2012 marked 100 years since the first official Young Women camp. Today, as then, camp is a place where young women can appreciate nature and learn about themselves.

“At camp [young women] can disconnect from all the technology, from all the peer pressure, from even the pressure to wear makeup and look good all the time. And they can connect with their Heavenly Father and with their true identity.” —Elaine S. Dalton, Young Women general president

This summer thousands of young women across the globe continued a 100-year tradition by leaving the world behind, getting dirty, and learning they can do hard things.

Sister Elaine S. Dalton, Young Women general president, said Young Women camp is important because it lights a fire of faith in the hearts of young women.
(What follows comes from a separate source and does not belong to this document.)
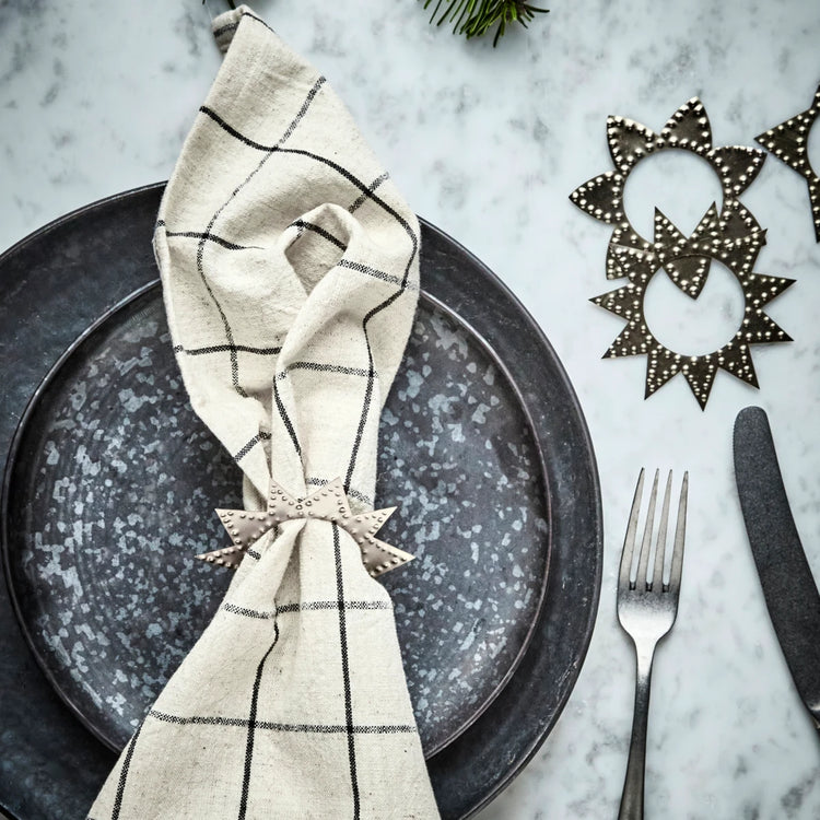 Enhance your dining experience with these exquisite napkin rings in an antique champagne silver finish. Handcrafted and featuring beautiful stamped patterns, this set of four completes your table setting with elegance. Perfect for your festive decor, each ring offers a unique design crafted from durable brass.

“At camp they can disconnect from all the technology, from all the peer pressure, from even the pressure to wear makeup and look good all the time,” she said. “And they can connect with their Heavenly Father and with their true identity.”
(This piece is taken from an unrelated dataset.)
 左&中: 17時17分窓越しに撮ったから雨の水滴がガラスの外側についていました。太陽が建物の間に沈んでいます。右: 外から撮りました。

It’s a tradition that started long before cell phones or iPods.  

In the summer of 1912, 82 young women from the Liberty Stake in Salt Lake City participated in a weeklong rough-out camp—the Church’s first. They slept in a cabin and learned about flowers, insects, birds, and plants. With the help of 15 leaders, they cooked and ate outdoors and built a swimming hole.

This summer Latter-day Saint young women did many of the same things.
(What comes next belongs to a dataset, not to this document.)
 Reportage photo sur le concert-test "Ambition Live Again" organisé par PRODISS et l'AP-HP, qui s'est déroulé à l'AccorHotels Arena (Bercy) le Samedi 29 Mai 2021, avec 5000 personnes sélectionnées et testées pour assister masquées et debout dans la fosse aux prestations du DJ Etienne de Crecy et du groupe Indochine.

Laurie McIntosh, Klein Texas Stake Young Women president, said it is hard to pin down the specifics of her stake’s camp. “You get me talking about girls’ camp and I may not stop,” she said.

She called her camp experience peaceful, despite stormy weather. It was an opportunity for the young women in her stake to learn about themselves. “They learn to be good leaders,” she said. “They see they are not alone, and they make lifetime friendships.”

Jenn Halvas, camp director in the Lone Tree Ward, Castle Rock Colorado Stake, also left camp reminiscing about the sisterhood and love she had witnessed. “Being there with no distractions, being in nature, being with other girls that believe the same” is something she knows the young women will cherish.  

It’s the connection between young women and their leaders that makes camp special, said Julie Huntsman, Young Women president in the Shelley 10th Ward, Shelley Idaho Stake.

“You are in the trenches,” she said. “You get that sisterhood connection. It is not leader-to-young woman connection but it is sister-to-sister.’’

Emily Gold, Nashua New Hampshire Stake Young Women president, said camp is an opportunity for the young women to experience things they normally would not. “You take them out of their comfort zone and put them in a different environment,” she said. “They do things more difficult than they normally would do, and they find they can do it.”

For her the highlight of camp came the last morning during a testimony meeting by a lake. She realized the young women in her stake “understood who they are and [at camp] got a little glimpse of heaven.”

Sister Dalton said camp is different for young women across the globe. But, she added, “wherever camp is held, one thing is sure: young women love to go to camp.”